= Nicholas Cullinan =

Director of the British Museum

Robert Nicholas Cullinan (born 29 December 1977) is a British art historian and curator. In January 2015, he was appointed the 12th director of the National Portrait Gallery in London, a post he began several months later. It was announced in March 2024 that he had been appointed director of the British Museum.
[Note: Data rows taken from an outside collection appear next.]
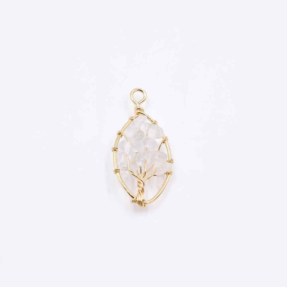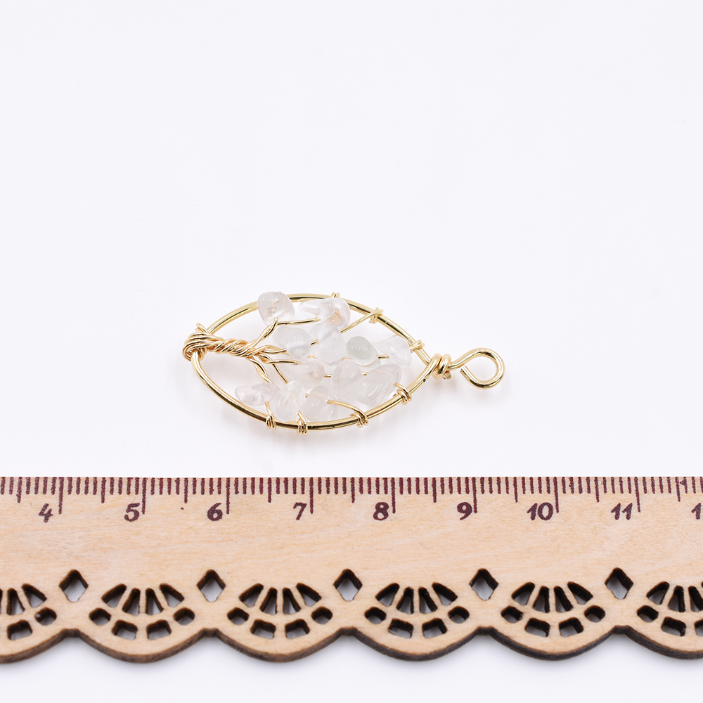 天然石ワイヤーチャーム 楕円形 1カン クリアクリスタル 40x19mm ゴールド (1ヶ)
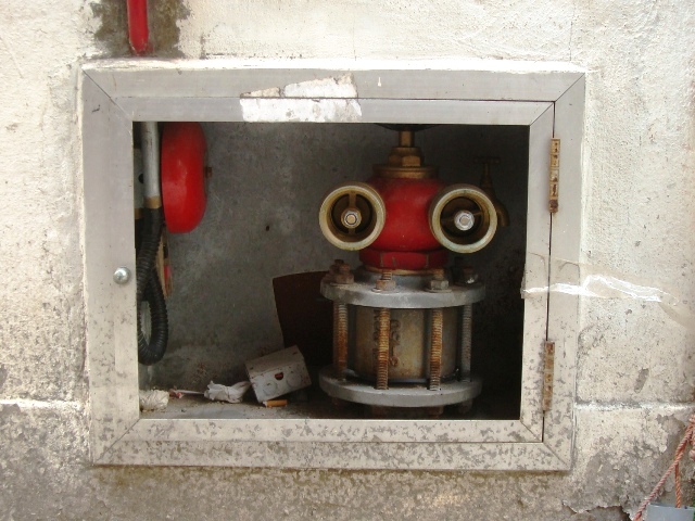 雑居ビルの裏側の壁に埋め込まれていました。たぶん消火栓だと思うのですが。ぎー、って言ってるような気がします。ぎー、って。
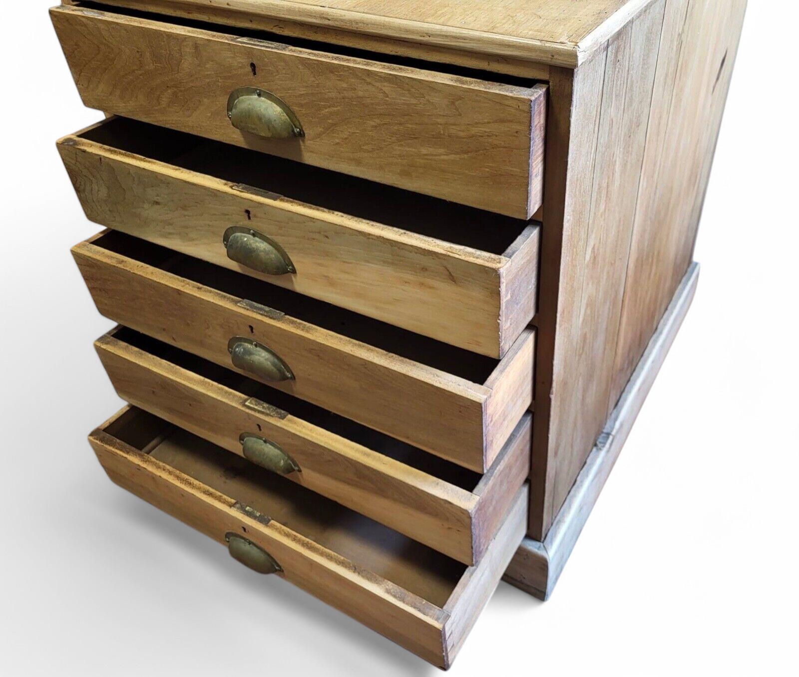 Industrial Victorian 5 Drawer Oak Chest of Drawers

==Early life and education==
Cullinan was born in December 1977 in Connecticut, United States, to British parents. He moved to Britain aged four or five, and grew up in Hebden Bridge, West Yorkshire, England. He was home-schooled. He received his BA, MA, and PhD in art history from The Courtauld Institute of Art in London. Between 2001 and 2003, while a student, he worked as a visitor services assistant at the National Portrait Gallery, where he was later appointed director in 2015. He completed his PhD in 2010 with a doctoral thesis titled "Past imperfect: arte povera in Italy, 1963-1972" or "The Archeology of Knowledge: Excavating Arte Povera". His doctoral supervisor was Professor Sarah Wilson.

==Personal life==
Cullinan is married to Mattias Vendelmans, a Belgian art dealer and founder in 2023 of the Vendelmans gallery in London. He lives in Oval, London, and Margate in Kent.

==Career==
From 2006 to 2007, he held the Hilla Rebay International Fellowship at Guggenheim Museum Bilbao, Solomon R. Guggenheim Museum, and Peggy Guggenheim Collection. From 2007 to 2013 he was curator of international modern art at Tate Modern. He then joined the Metropolitan Museum of Art in New York City as its curator of modern and contemporary art. In 2014, he co-curated an exhibition of Henri Matisse's cut-outs at Tate Modern with Sir Nicholas Serota. The exhibition attracted more than 500,000 visitors.

Cullinan was appointed Officer of the Order of the British Empire (OBE) in the 2024 New Year Honours for services to art. He is a trustee of the Chatsworth House Trust.